I seriously doubt that's even possible. It may have been timetabled that way, on the expectation of drivers being way ahead of schedule, but even if you cleared the lines it's near to impossible to hit Victoria in 12 minutes from Croydon. The Brighton Speed Run was done from London Bridge, which is a much easier run in a near straight line, and it hit East Croydon at 10 minutes. (another 11 to Gatwick, fwiw) The fastest normal runs take 10 minutes just to get to Clapham.

I think they've done 15 minutes in the past, but there are speed limits between Croydon and London now. Too many twisty bit, I imagine, plus everything stops at Clapham now (didn't in the past).


----------



## ATOMIC SUPLEX (Oct 18, 2010)

sim667 said:


> T
> Train every 10-15 mins to waterloo, waterloo east and charing cross from platform six at london bridge


 
Read my post again, I was talking about going fast to waterloo from east croydon. Go to Clapham Junction from East Croydon, from there the trains are about every five minutes to waterloo.


----------



## Callie (Oct 18, 2010)

TopCat said:


> When did they start stopping at East Croydon Callie?


 
1942   They've done that for ages as far as I know but Ive only ben living back in Croydon for a couple of years. Getting back to Sutton was a different matter  memories of standing around at west croydon bus station for the N213 to arrive in the freezing cold/rain.


----------



## TopCat (Oct 19, 2010)

I thought the trains went straight to Gatwick and did not stop?


----------



## ATOMIC SUPLEX (Oct 19, 2010)

TopCat said:


> I thought the trains went straight to Gatwick and did not stop?


 
Are you thinking gatwick express?
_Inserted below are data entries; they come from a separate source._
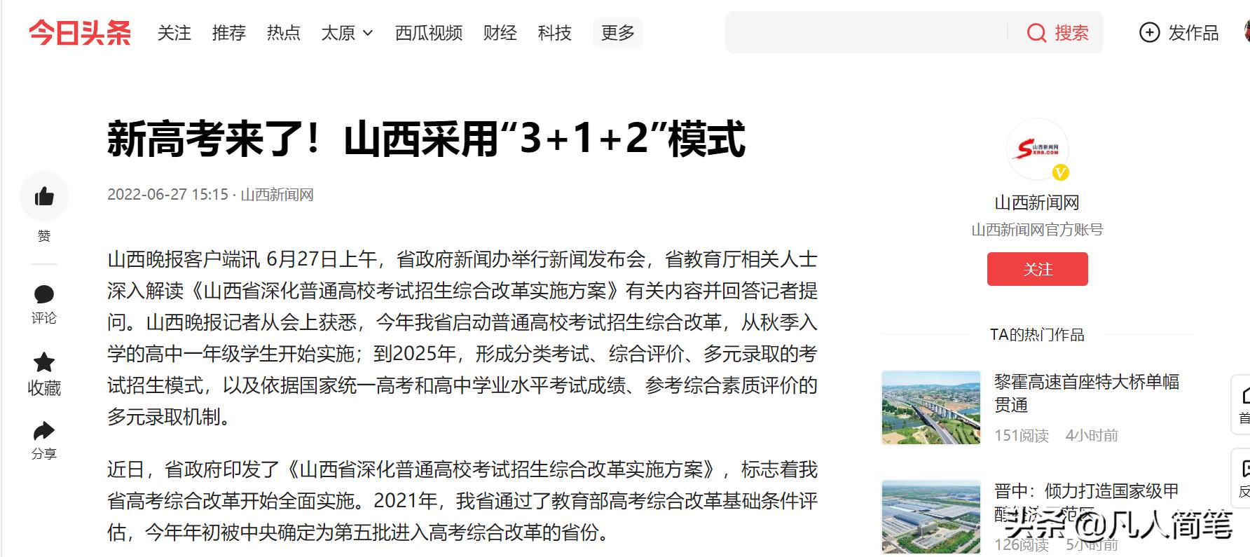 #山西头条##太原头条#6月27日上午,省政府新闻办举行新闻发布会,深入解读《山西省深化普通高校考试招生综合改革实施方案》有关内容。山西新高考改革正式拉开帷幕!具体内容可见山西新闻网《新高考来了!山西采用“3+1+2”模式》。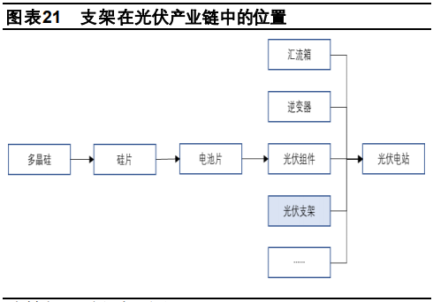 光伏支架可主要分為固定支架及跟蹤支架,固定支架主要包括最佳傾斜角固定式以及固定可調式。跟蹤支架主要包括平單軸、斜單軸和雙軸支架,可使光伏組件全天跟隨太陽位置運動,減小太陽光的入射角度,提高光伏組件對太陽能的吸收率。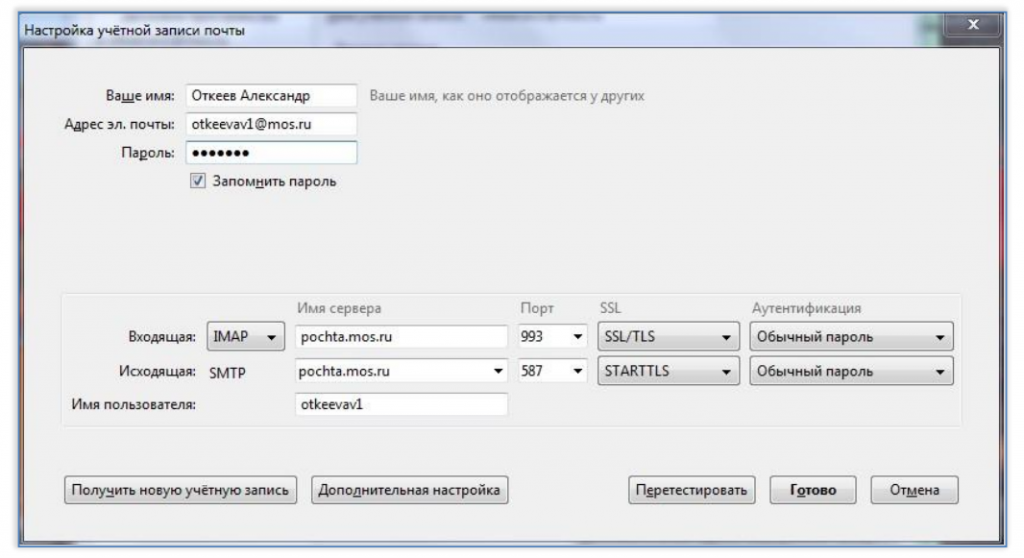 Сервер IMAP: pochta.mos.ru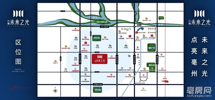 项目位于亳州市谯城区,东临药王大道、西沿振谯路,南至芍花路,北靠光明路,路网通达四至。整个项目总占地约56亩、总建筑面积约92993㎡、商业约4245㎡。容积率为2.0,绿地率高于35%,整个项目由5栋18-26层高层、4栋9-11层洋房、3栋沿街商业、1所幼儿园组成。总户数582户,机动车车位814个(地上244、地下570),配比达到1:1.39,非机动车停车位411个(地上245、地下166)。项目采用现代简约风格设计,讲究造型比例适度、空间结构图明确美观,强调外观的明快、简洁。体现了现代生活快节奏、简约和实用,但又富有朝气的生活气息。规划依循复合地产形态不仅打破了单一的建筑形式,让社区体现韵律美、层次感,提升楼盘档次,更为亳州消费者创造出充分体现生活感受和文化价值的复合人居生活。外观上采用真石漆、米色石材等进行搭配,体现高端楼盘的气质,匹配小区业主的尊贵身份。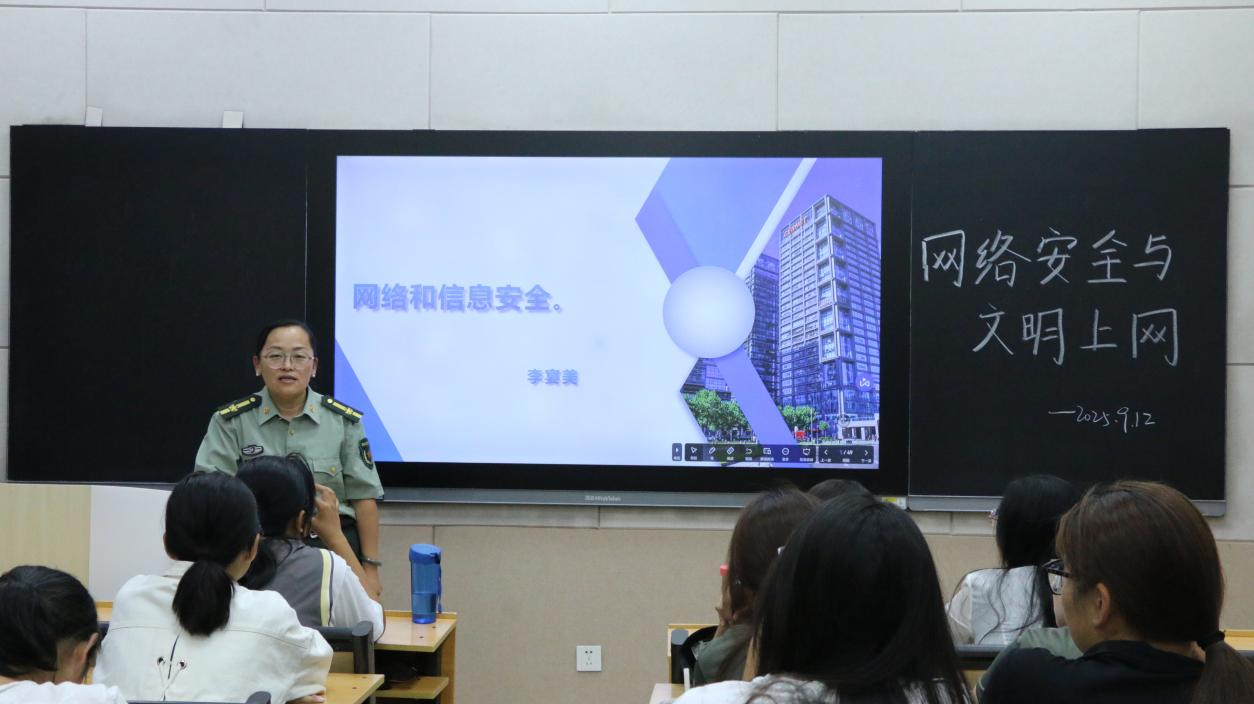 于2025年9月12日在老文史楼开展网络安全与文明上网主题班会。全体2025级新生参会,会议由2025级辅导员李宴美主讲。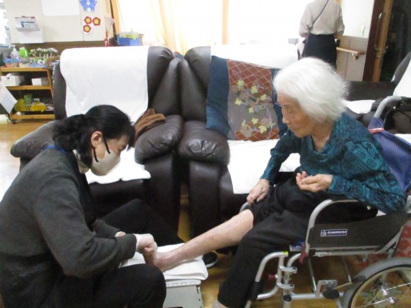 本日はシニアセラピーを行いました。当施設で行っているシニアセラピーは、アーモンドオイルを使用したやさしいリンパドレナージュです。音楽や特別な演出はありません。静かな空間の中で、ゆっくりとお顔や足のリンパを流していきます。施術が始まると、最初は少し緊張されていた表情も、次第にやわらいでいきます。「気持ちいいね」「足が軽くなったみたい」そんなお声が聞かれると、私たちも思わず笑顔になります。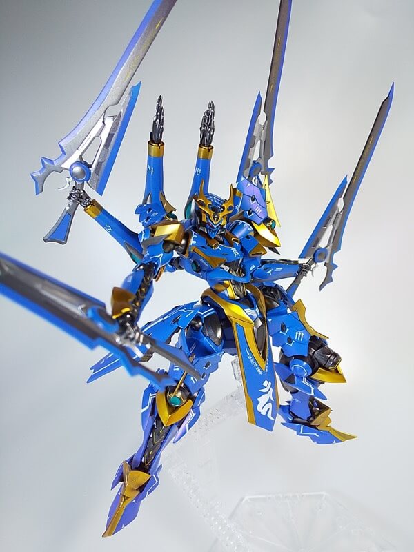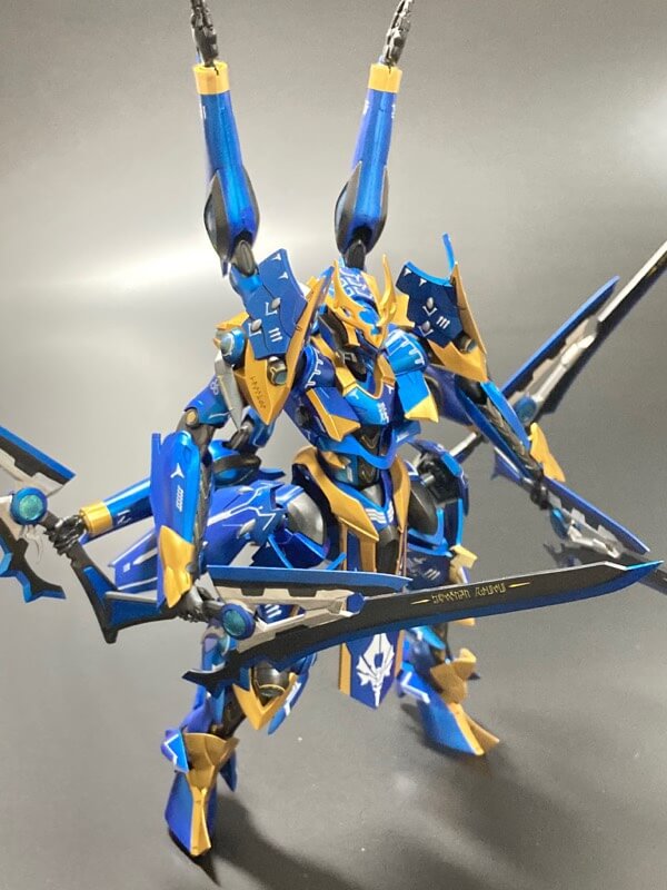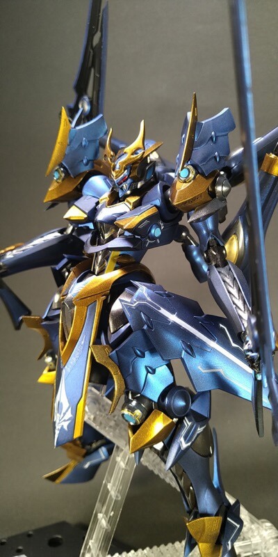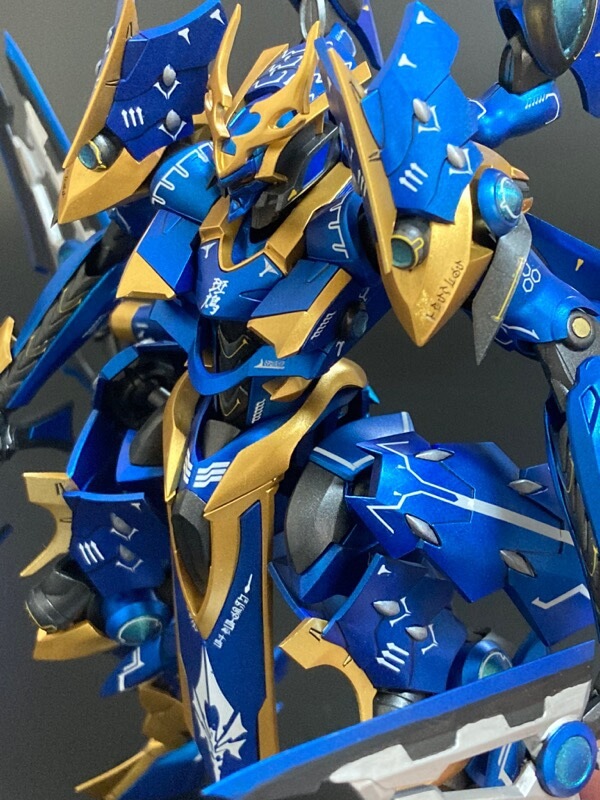 イカルガで参加します。破損した前垂れデカールを梵字(不動明王)に置換してます。うみんちゅビスマスベースの金と、アメジストパープルコートの青等、メタリック&パールの半艶仕上げです。 pic.twitter.com/SO8YMk4rL2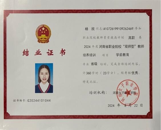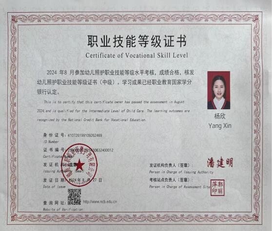 在深耕国际教育事业的同时,她主动承担教学相关任务,为更好赋能学生成长,始终注重自身教学能力与专业素养的提升。2024年积极参加河南省高职院校“双师型”教师培养培训项目,凭借扎实表现获评优秀,成功斩获河南省职业教育“双师型”教师资质认证。获得中级幼儿照护职业技能等级证书,为教学工作夯实实践基础。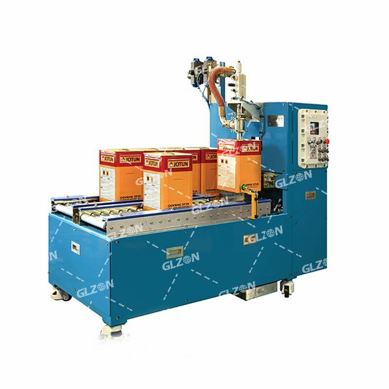 操作流程:操作時,操作者僅需簡單設(shè)定好灌裝重量,按下[啟動]按鈕,再將擺放到空桶輸送機上。灌裝機就會自動將空桶輸送到位并推入磅臺,然后自動將灌裝頭插入桶內(nèi),并將空桶自動去皮后打開灌裝閥門,精確地雙速灌裝;灌裝結(jié)束,灌裝頭自動提升至桶外,輸送機自動將灌裝完成的包裝桶送出,人工旋蓋并擺放到托盤即告完成。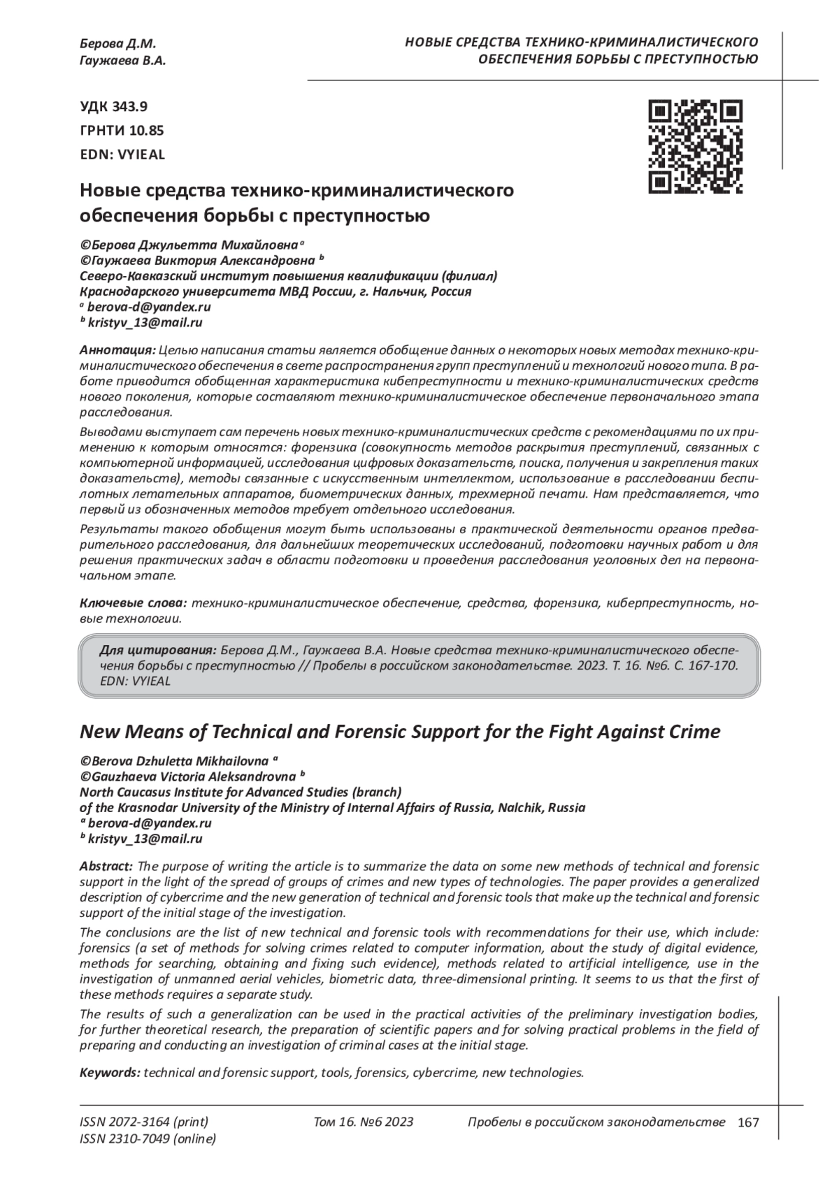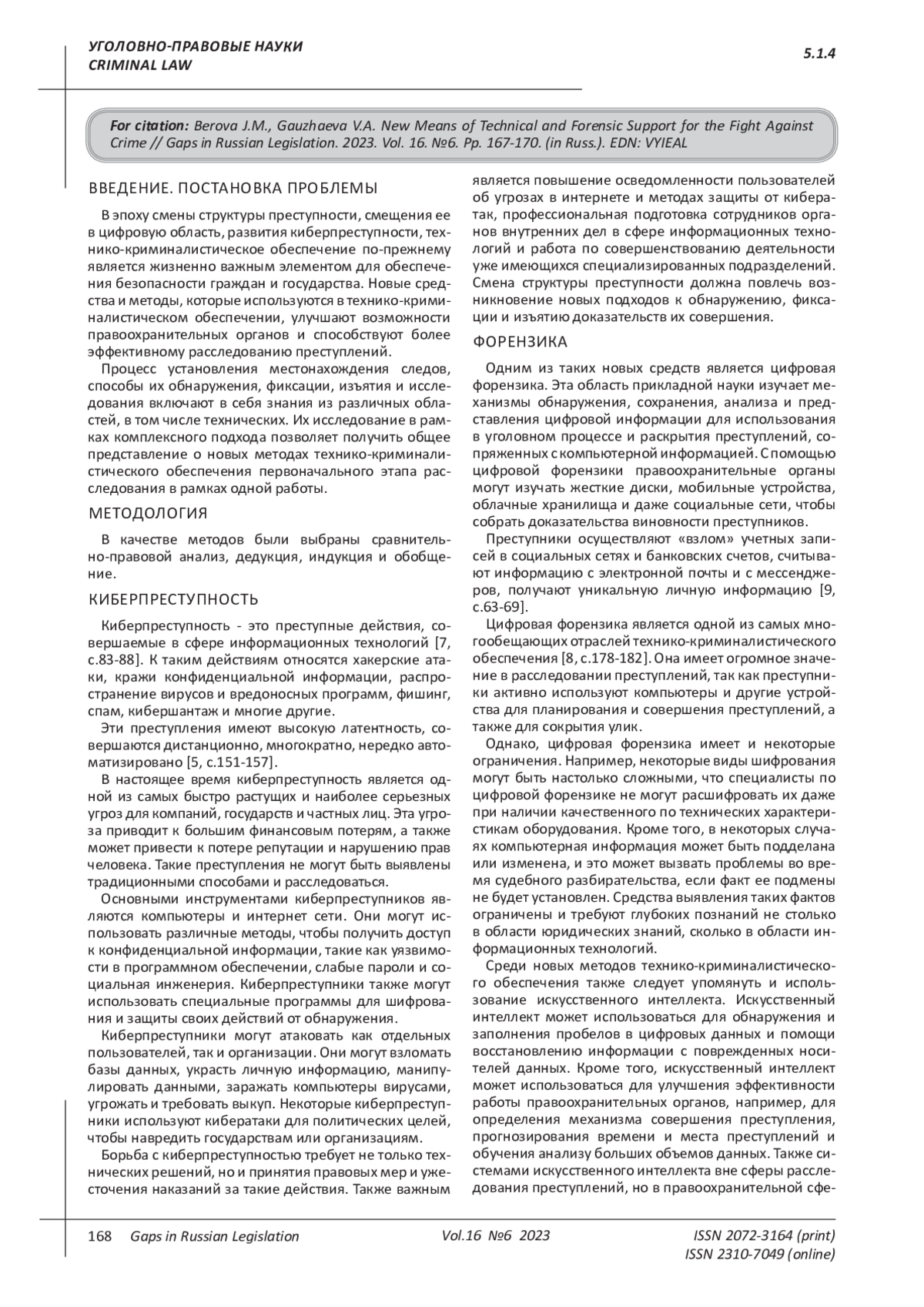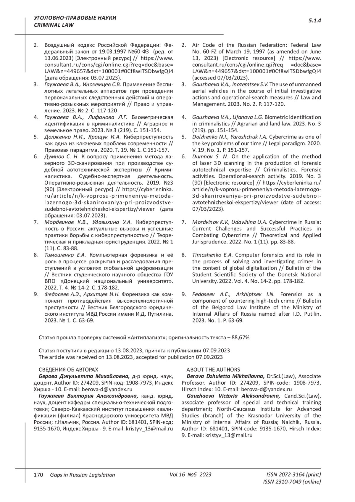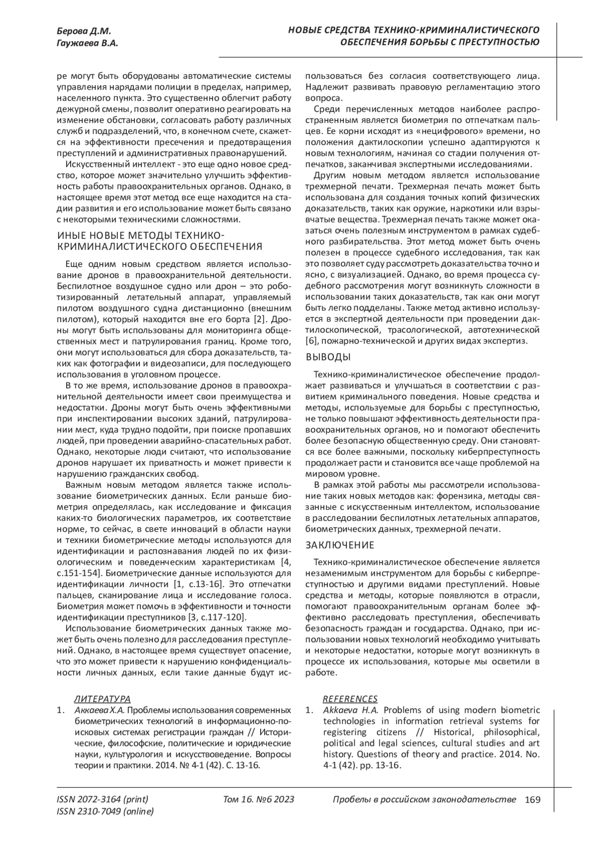 4. 	Гаужаева В.А., Лифанова Л.Г. Биометрическая идентификация в криминалистике // Аграрное и земельное право. 2023. № 3 (219). С. 151-154. EDN: XHLUNY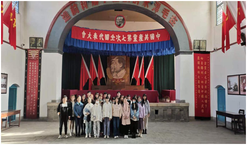 与延安大学的同学分别后,同学们来到了杨家岭革命旧址,参观了中共七大会址与延安文艺座谈会会址,在这里同学们通过回忆《讲话》内容来与延安革命精神相衔接,透过一本本珍贵的文艺报刊,更直现地体会到了“文艺为工农兵服务”的思想导向。

Which I have in fact caught from croydon a few times so I guess it does stop there from time to time. There are loads of other trains from croydon that go to gatwick to of course and they don't take very long.


----------



## Maggot (Oct 19, 2010)

The Gatwick Express used to stop at East Croydon during the night when there were no other services. Now there's a service from Victoria to East Croydon right through the night, so the GE doesn't stop there.


----------



## ATOMIC SUPLEX (Oct 19, 2010)

Maggot said:


> The Gatwick Express used to stop at East Croydon during the night when there were no other services. Now there's a service from Victoria to East Croydon right through the night, so the GE doesn't stop there.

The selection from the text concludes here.